Erdogan and other Turkish officials have repeatedly suggested that Turkey is being unfairly singled out and penalized for procuring the S-400 while fellow NATO member Greece faces no scrutiny for possessing a similar Russian missile system.
However, these significant distinctions between the two cases negate Erdogan’s erroneous charge of an unfair double standard.
For one, unlike Ankara with the S-400, Athens did not seek its S-300 directly from Moscow. The Republic of Cyprus originally ordered the system on Crete in the 1990s. After Turkey threatened to destroy it once it arrived on the partitioned island, it was ultimately shipped to Crete and stored away to defuse the crisis and reduce the risk of war. Greece later test-fired it for the first time in 2013.
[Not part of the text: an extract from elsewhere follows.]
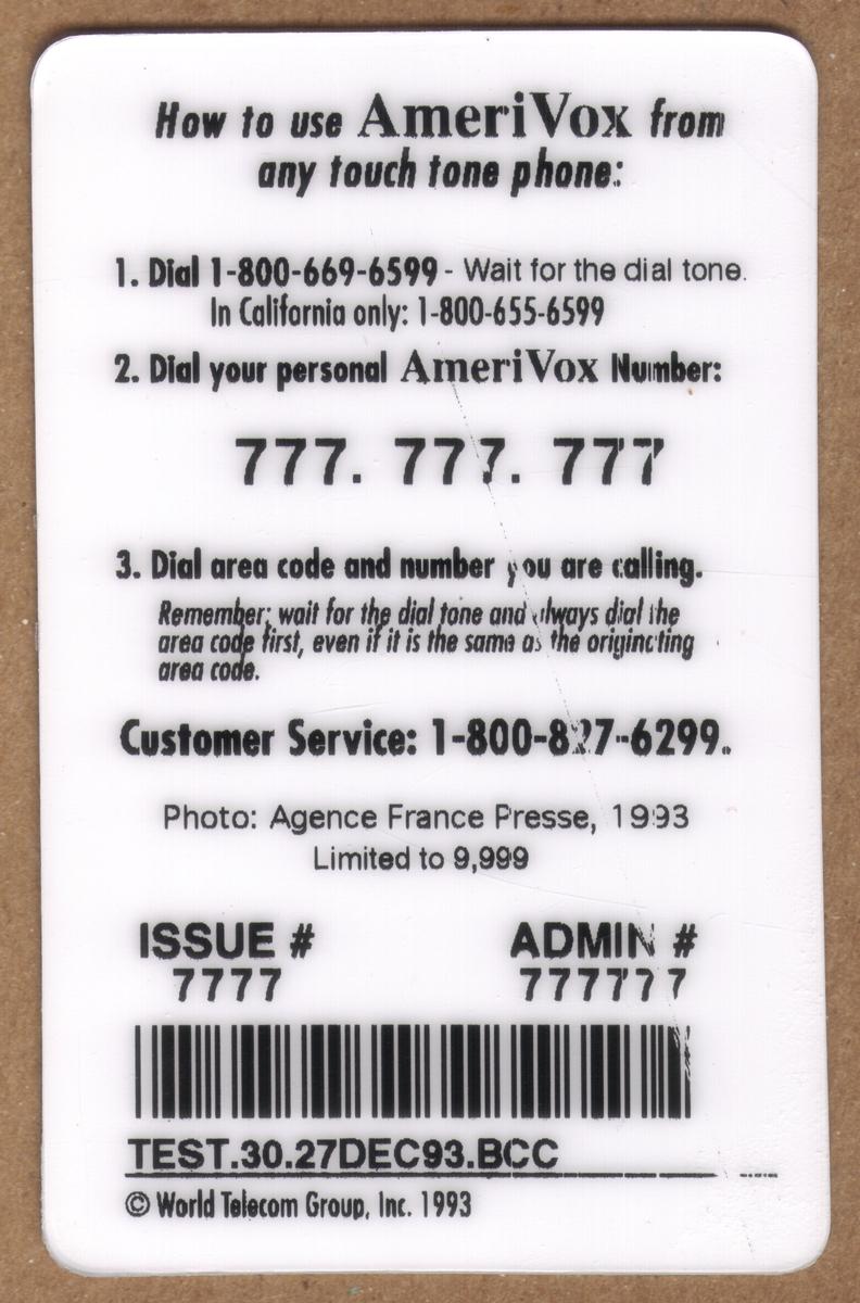 Since we have the world's largest inventory of USA phonecards for collectors, you will not necessarily receive the identical serial/batch/PIN number that we have scanned/pictured.

Simple timing was the only reason Greece never incurred US sanctions for acquiring its Russian missiles.
“The acquisition of S-300s by Greece took place in the 1990s, decades before the adoption of the CAATSA law,” a State Department spokesperson recently clarified. “Section 231 of the CAATSA sanctions only significant transaction that occurred on or after August 2, 2017.”
Egypt, which bought a large fleet of MiG-29M/M2 fighter jets and S-300VM missiles from Russia in the mid-2010s, was also not retroactively subjected to any CAATSA sanctions for those highly significant transactions. On the other hand, Washington warned Cairo in 2018 that it could incur CAATSA sanctions if it pushed ahead with its $2 billion deal for advanced Russian Su-35 fighters.
Furthermore, the Greek S-300 is the older S-300PMU-1 version, a far less advanced and sophisticated system than Turkey’s S-400. The two systems simply are not nearly as comparable as Erdogan would have you believe. And, far from turning a blind eye to all Greek S-300 developments, the US reportedly even prevented Greece from upgrading the system in 2020.
Athens had wanted Russia to upgrade its S-300 to the PMU-2 standard, which would have increased its range from 150 to 200 kilometers and improved the command and control and guidance systems to double the accuracy of the missiles. The US vetoed the move, leaving Greece with a much inferior Russian missile system to that of Turkey.
Erdogan’s government has also vacillated between outright denouncing Greece’s possession of the S-300 as irresponsible and destabilizing to suggesting that it could become a potential model for Turkey’s deployment of the S-400.
All in all, Erdogan and his government’s repeated invocation of the Greek S-300 and suggestion of a double standard at play do not bear scrutiny.
*Paul Iddon is a freelance journalist who writes primarily about the political and military affairs and history of the Middle East.